The function actually returns a list of addresses, which may contain a mixture of IPv4 and IPv6 addresses. An example is when you lookup www.google.com:

[ ] resolving "www.google.com"
[+]  74.125.196.105:443
[+]  74.125.196.147:443
[+]  74.125.196.99:443
[+]  74.125.196.104:443
[+]  74.125.196.106:443
[+]  74.125.196.103:443
[+]  [2607:f8b0:4002:801::1014]:443

My sample code just chooses the first one in the list, whichever is returned by the DNS server. Sometimes Google returns an IPv6 address as the first one. If you prefer a specific version, you can search through the list as demonstrated below:

while (addr && args->ip_ver == 4 && addr->ai_family != AF_INET)
addr = addr->ai_next;

Or, instead of searching the results yourself for an IPv4 or IPv6 address, you can use the third parameter to specify which one you want.

This function has been a POSIX standard for more than a decade.

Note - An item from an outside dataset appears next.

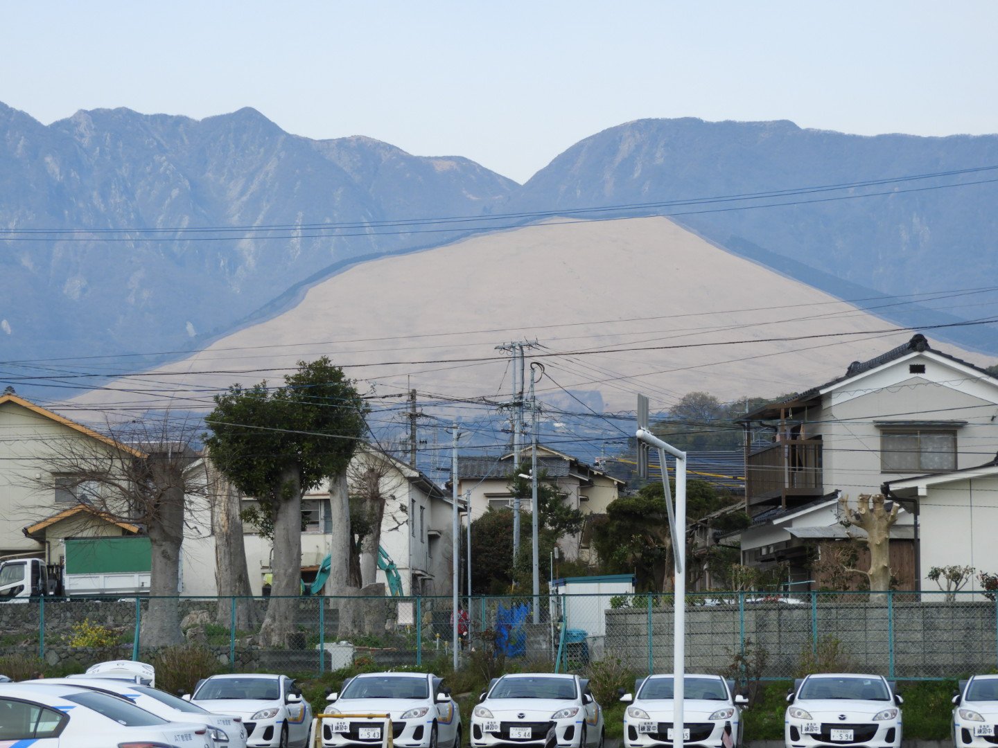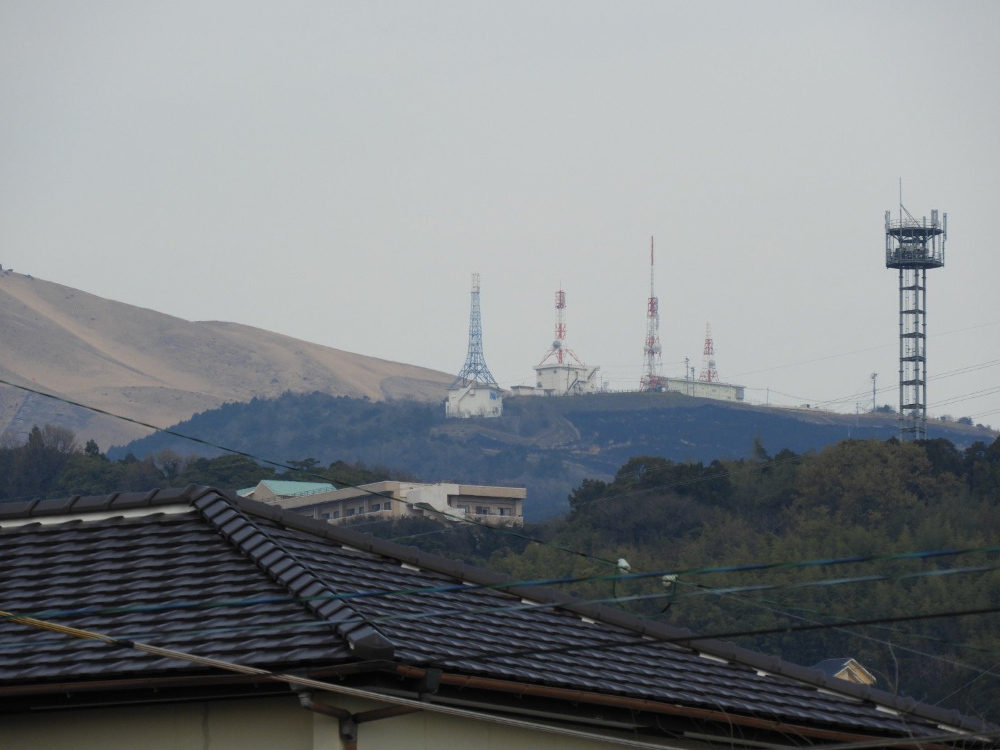 昨日、野焼きがあったようで十文字原テレビ塔付近の山肌が黒くなっています。

The above code works on WinXP as well as fairly old versions of Linux and Mac OS X. Even if your code is aggressively portable, there is little reason not to use this function. Only in insanely portable code, such as when you worry about 16-bit pointers, should have to worry about backing off to gethostbyname(). Conversely, gethostbyname() is no longer part of POSIX, and thus officially no longer "standard".

If you learn Sockets programming at the university, they still teach gethostbyname(). That's because as far as Internet programming is concerned, academia is decades out of date.